Many Turks I spoke to thought Obama would change something. Some hadn’t heard of him. While dribs and drabs about Obama’s experience or Hillary’s support for the Armenian genocide resolution or which candidate Steven Spielberg supports pop up in the Turkish media, the election is, for them, still a long way off.

But Turks react with surprise when they hear about his blackness and vague Muslim background: “It would, it would! Yes, of course, make a difference!” And then come the “buts.”

One Turkish shop owner smiled when I mentioned Obama. “The mixed guy? Oh, right. And he has some Muslim name. Right, Hussein. Well, it wouldn’t change my opinion of America, but maybe it would for other people!” he said brightly. “But you know he wouldn’t really make the policies anyway, so it doesn’t matter.”
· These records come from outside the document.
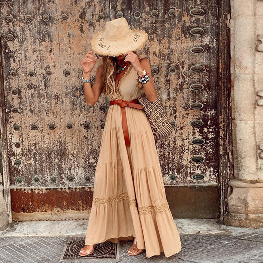 Strap type long temperament mid-length French solid color high waist v-neck stitching long dress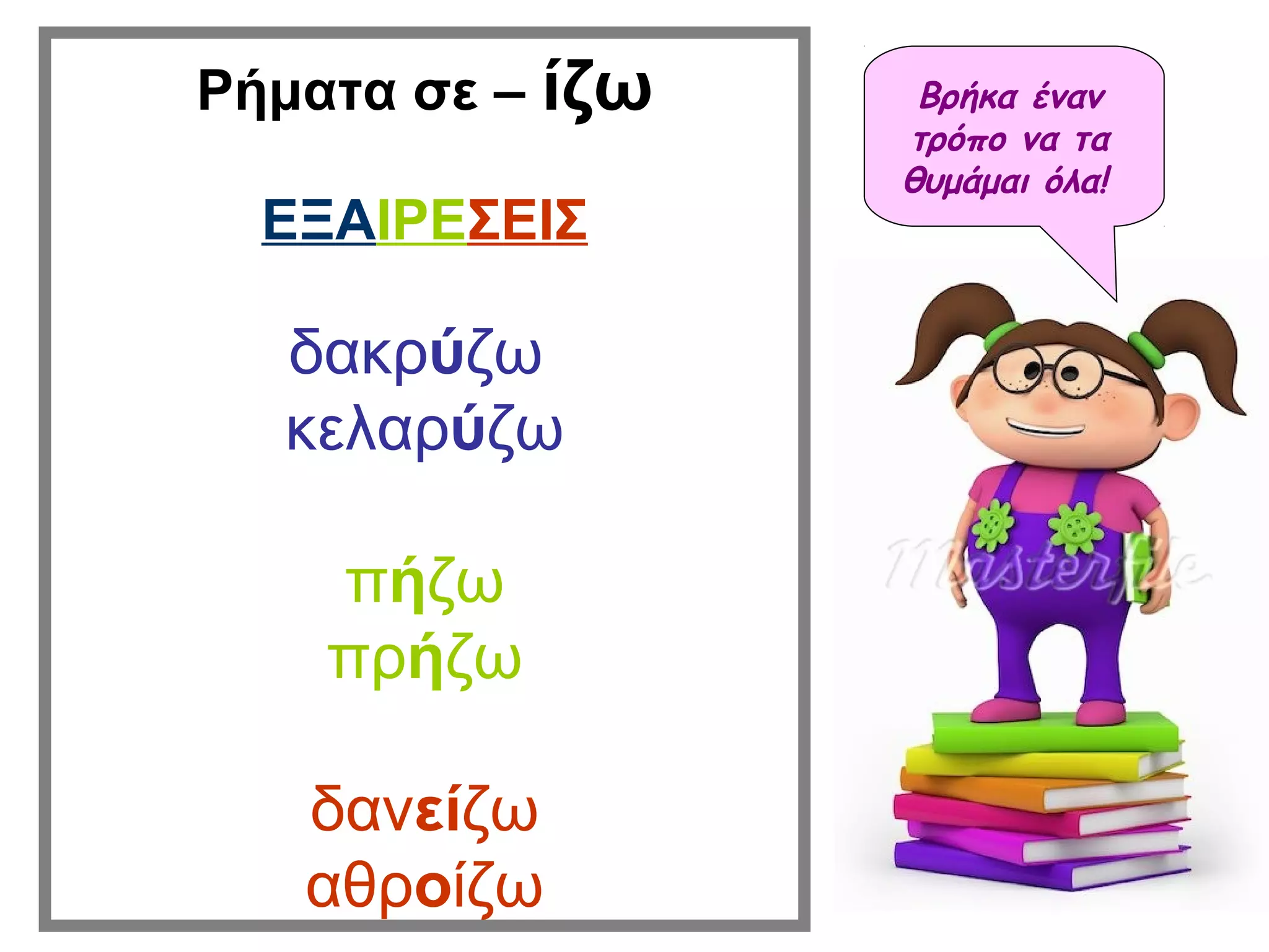 ίζω Βρήκα έναν τρόπο να τα θυμάμαι όλα! ΕΞΑΙΡΕΣΕΙΣ δακρύζω κελαρύζω πήζω πρήζω δανείζω αθροίζω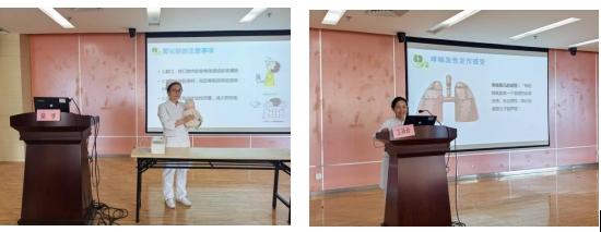 活动开始,呼吸科慢病管理护士王珍珍、陆睿分别针对哮喘患儿的健康教育、常用吸入装置的使用方法以及哮喘患儿的自我监测方法做了详细的讲解及示范。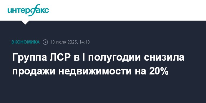 Москва. 18 июля. INTERFAX.RU - ПАО "Группа ЛСР" в январе-июне 2025 года сократило продажи недвижимости на 19,8% в годовом измерении, до 69 млрд рублей, сообщила компания.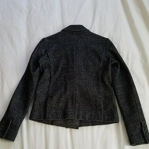 This fabulous marled double breasted blazer is in amazing condition! Wool blend, with very cool raw edges give it an interesting twist. Please refer to pics for approx measurements and fabric content.
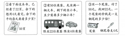 8、以下三个问题能用(50-22)÷4解决的是( )。A、只有①② B、只有②③ C、①②③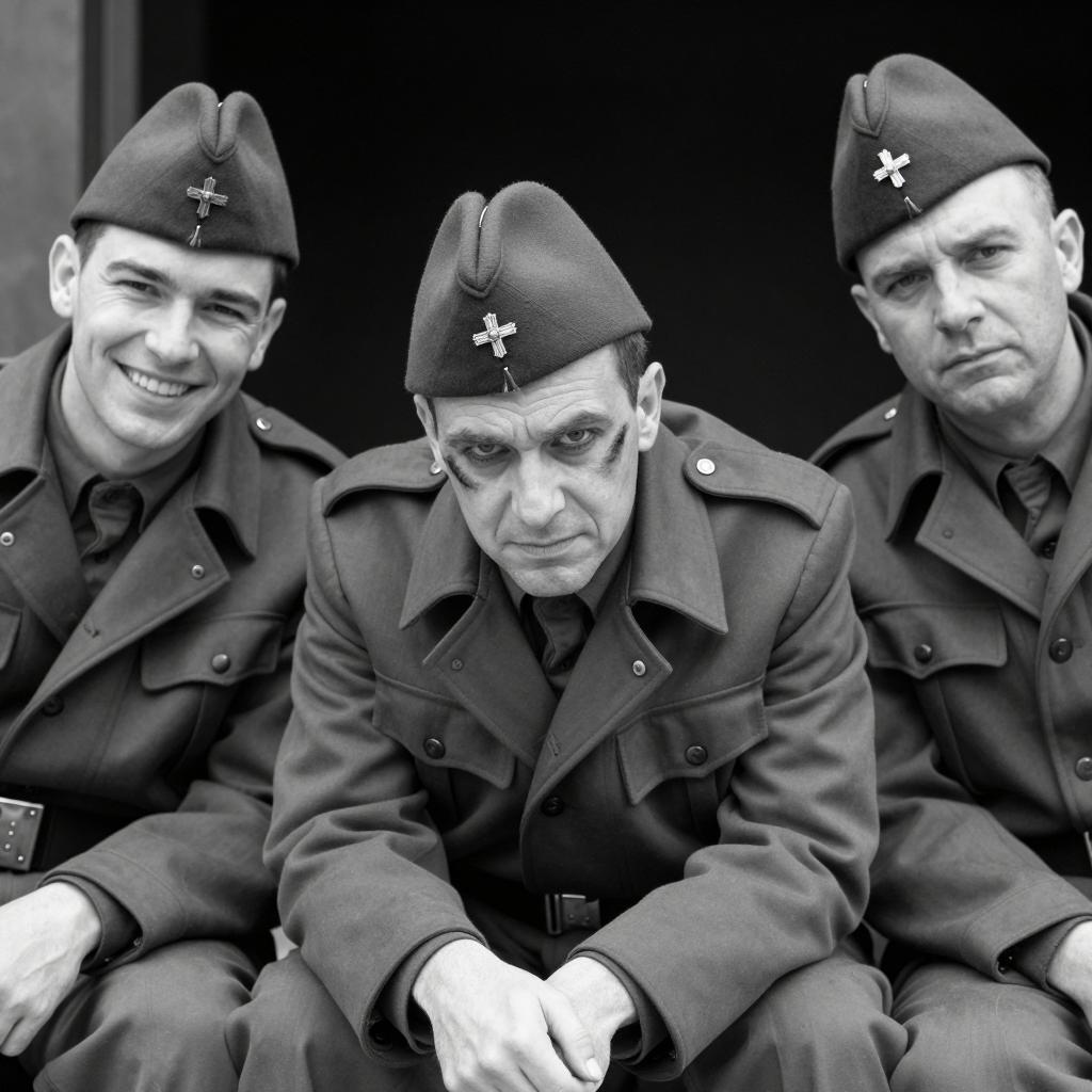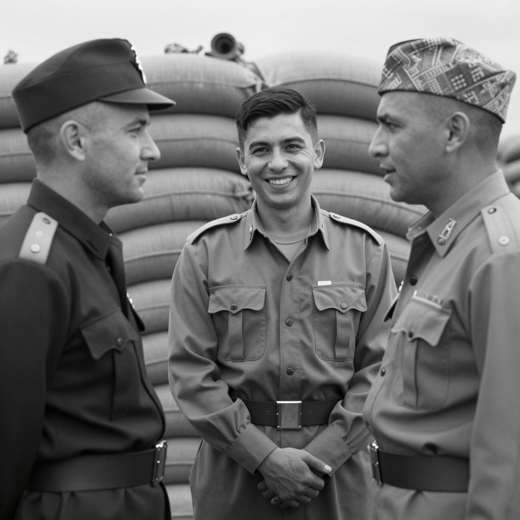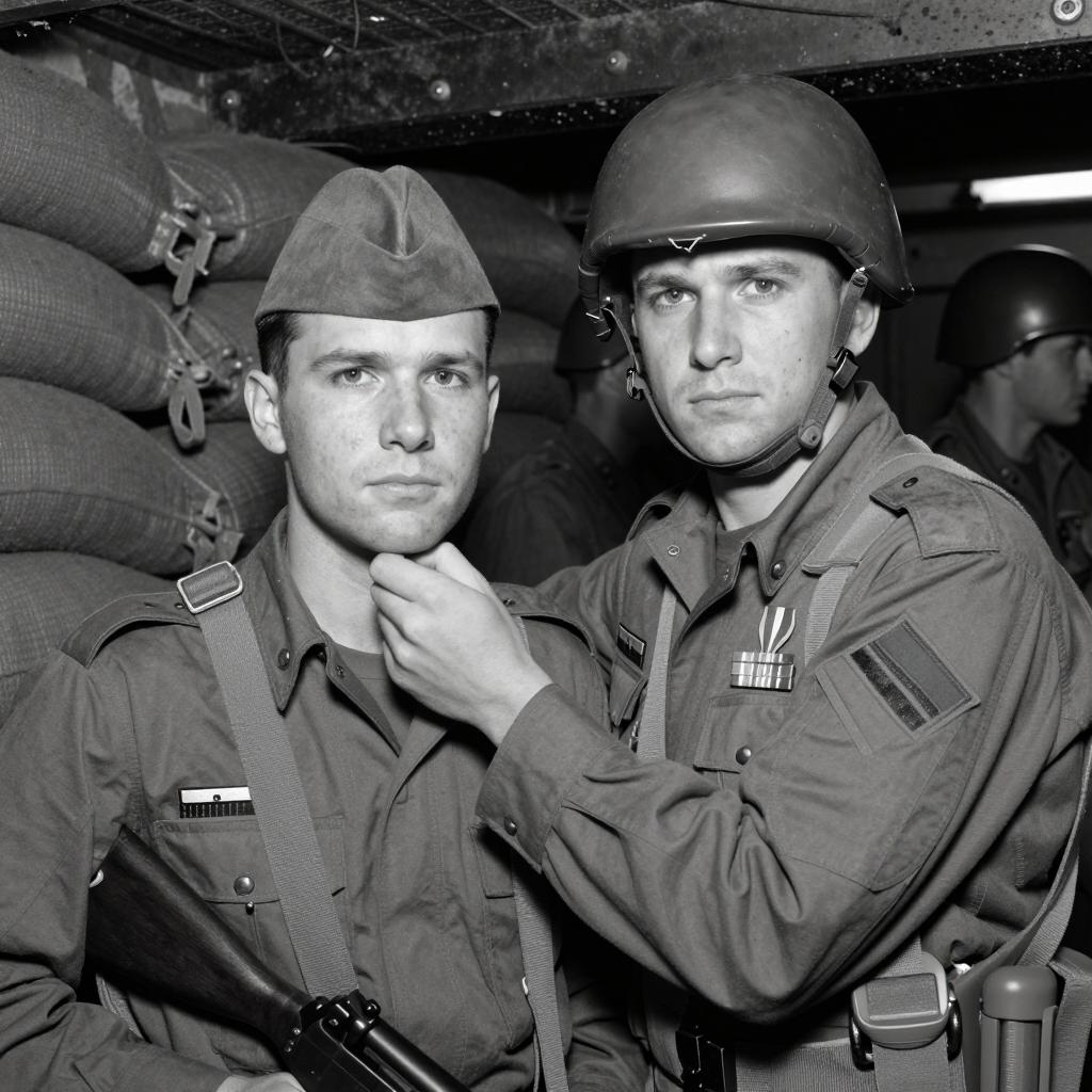 Black and white photograph of two soldiers in a military bunker. Soldier on right, wearing helmet and uniform, grips the chin of soldier on left, who wears a hat. Background filled with sandbags. Both have intense expressions. Soldier on right has a medal on chest. Other soldiers in background, partially visible. Soldier on left holds a rifle.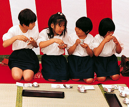 シンプルにまとめられた色彩が、子供たち一人一人の表情の違いを強調し、面 白い作品に仕上げています。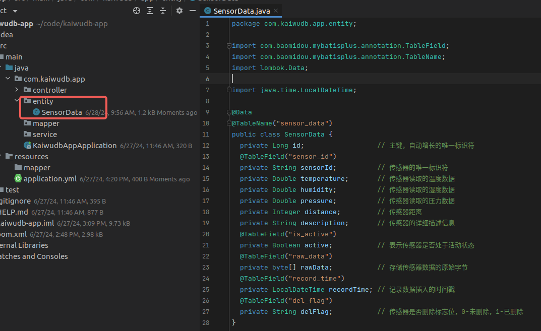 entity目录下创建记录传感器数据的实体类SensorData,加入@Data和@TableName注解,从而自动为实体类的字段生成getter、setter、equals、canEqual、hashCode和toString方法,指定实体类对应的数据表名称。package com.kaiwudb.app.entity; import com.baomidou.mybatisplus.annotation.TableField; import com.baomidou.mybatisplus.annotation.TableName; import lombok.Data; import java.time.LocalDateTime; @Data @TableName("sensor_data") public class SensorData { private Long id; // 主键,自动增长的唯一标识符 @TableField("sensor_id") private String sensorId; // 传感器的唯一标识符 private Double temperature; // 传感器读取的温度数据 private Double humidity; // 传感器读取的湿度数据 private Double pressure; // 传感器读取的压力数据 private Integer distance; // 传感器距离 private String description; // 传感器的详细描述信息 @TableField("is_active") private Boolean active; // 表示传感器是否处于活动状态 @TableField("raw_data") private byte[] rawData; // 存储传感器数据的原始字节 @TableField("record_time") private LocalDateTime recordTime; // 记录数据插入的时间戳 @TableField("del_flag") private String delFlag; // 传感器是否删除标志位,0-未删除,1-已删除 }结果如下:

“Wait, who makes the policies?” I said.

“The petroleum companies. That’s what they tell us, anyway.” (“Leftist” arguments blithely discredited on American television sound perfectly humdrum in Turkey.) The shopkeeper also thought it was nice that Obama hadn’t supported the war in Iraq, but pointed out that was probably just because Obama was a Democrat and those who started the war had been Republicans.

“Obama wouldn’t change their opinions of the U.S.—that would be childish,” said one Turkish man, a professional in his 30’s. “But they might feel less aggressively than they do now.”

Omer Taspinar, director of the Turkey program at the Brookings Institution and a columnist for two Turkish newspapers, said that Obama’s mere image did have this power.

“Turks know that Obama represents something quite different—they’ve seen Roots,” he said. (Roots was very popular in Turkey.) “They know the history. So an African-American with an African name and a name like Hussein—the fact that people are willing to give him a chance, despite that he attended a madrasa, and had a Muslim father, would represent a huge change in the U.S., compared to the Bush-Clinton dynasties.

“People are really astonished in Turkey—they keep asking me if he really has a chance,” he continued. “He represents something unbelievable.”

So unbelievable that some Turks waved away my question because they didn’t think Americans would ever elect him. Different types of Turks identify if not specifically with American blacks, then with the American underdog—from elite secularists who believe the world wants to take Turkey from them, to religious “black Turks” posed in opposition to those elite secularist “white Turks,” to Kurds, whose parallels to the African-American experience actually make the most sense.

Obama’s mixed-race, immigrant background appeals to Americans of varying backgrounds, but it’s his blackness, after a parade of white American leaders, that might strike a chord with foreigners—in ways that Condoleezza Rice and Colin Powell, constrained by their affiliation with Bush, never could.

Still, one Turk cautioned me about the emotional reactions I might be hearing. “Turks will tell you that it will change their perceptions of the U.S. because Turks view themselves as victims and they identify with other victims,” he said. “They’ll respond positively because you’re asking a hypothetical question. It doesn’t necessarily mean that deep down their feelings will change.”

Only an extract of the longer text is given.